AC1=1;AF1=0.5005;DP=130;DP4=3,0,4,3;FQ=3.02;MQ=44;PV4=0.47,0.038,1,0.19;VDB=0.0253

For example the expression could take into account the depth of read as well as the mapping quality, stating $25>DP>10$ & $45>MQ>50$ . However these expressions have to be written in Java Expression Language (JEXL) and are then mapped directly to the following filterName, multiple expression/name combinations can be linked in a single pipe.

Trio Variant Visualization w/ HivePlot

There are many more steps towards refinement, i.e. recalibration and variant selection, but this blog post is getting quite long. And I think if you follow the roadsigns laid out here the full abilities of both Samtools & the GATK will become evident. The final payoff being reliable, meaningful, and thus useful, NGS data. Hit me up if you get stuck or think my ways are lame.

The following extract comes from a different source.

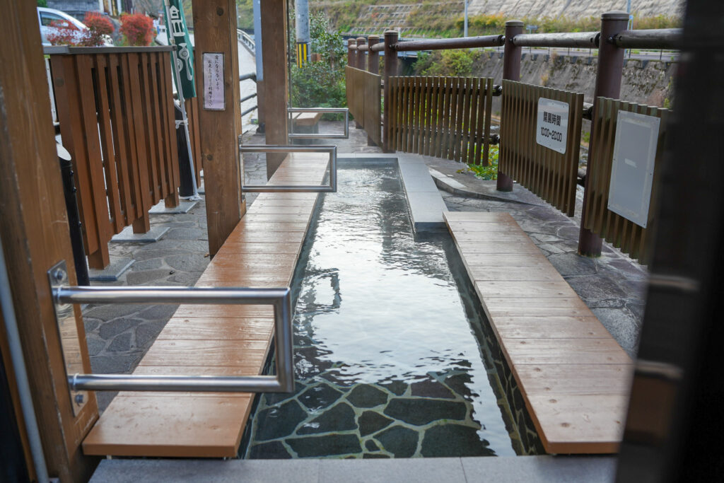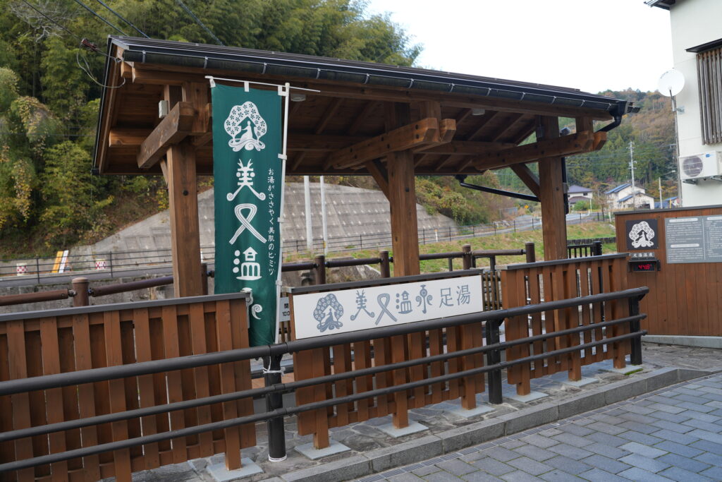 まず気軽に美又温泉の泉質を試せるのが、温泉街入口にある 無料の足湯。

8 responses to “Variant Discovery, Annotation & Filtering With Samtools & the GATK”

Steven

August 12, 2014 at 6:08 am

Hy

I got a bit stuck at the using of dbSNP.
On the NCBI dbSNP FTP site the database is not in VCF format.
How can i make a dbSNP in VCF format???

- Mo
  
  August 12, 2014 at 3:57 pm
  
  try this ftp://ftp.ncbi.nlm.nih.gov/snp/organisms/human_9606_b141_GRCh37p13/VCF/All.vcf.gz
  
erikgarrison

October 6, 2013 at 11:26 am

Have you had a chance to try freebayes? I’m curious what you think of it in comparison to the other two methods.

- Mo
  
  October 6, 2013 at 12:36 pm
  
  My understanding is both mpileup and GATK also use a bayesian model. Maybe this comparison can be your next paper 🙂
  
erik

October 6, 2013 at 11:25 am

What do you think about freebayes? Have you had a chance to try it?

Pingback: Understanding Translational Effects of Variants With SnpEff | bio+tech
ramma

February 2, 2013 at 4:10 pm

Would this process specifically identify SNP’s & indels present in the DBsnp reference VCF used? Or is this for de novo mutation list generation?

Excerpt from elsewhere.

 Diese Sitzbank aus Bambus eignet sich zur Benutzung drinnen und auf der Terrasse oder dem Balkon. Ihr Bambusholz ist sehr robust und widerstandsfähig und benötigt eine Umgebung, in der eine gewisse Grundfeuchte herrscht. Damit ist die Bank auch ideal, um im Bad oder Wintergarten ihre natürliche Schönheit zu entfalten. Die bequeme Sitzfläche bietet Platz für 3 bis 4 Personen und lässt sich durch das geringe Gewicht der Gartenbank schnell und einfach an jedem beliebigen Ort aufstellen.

I’ve been playing with a similar pipeline to this and annotating the final VCF with annovar, but I only care about de novo mutations.

- Mo
  
  February 2, 2013 at 5:24 pm
  
  The process outlined here would discover all polymorphisms between the reference genome and between the samples themselves. Annotation, in the above example uses a dbSNP file, but you can use whatever.
  
  A truly new mutation shouldn’t have any rsID associated with it.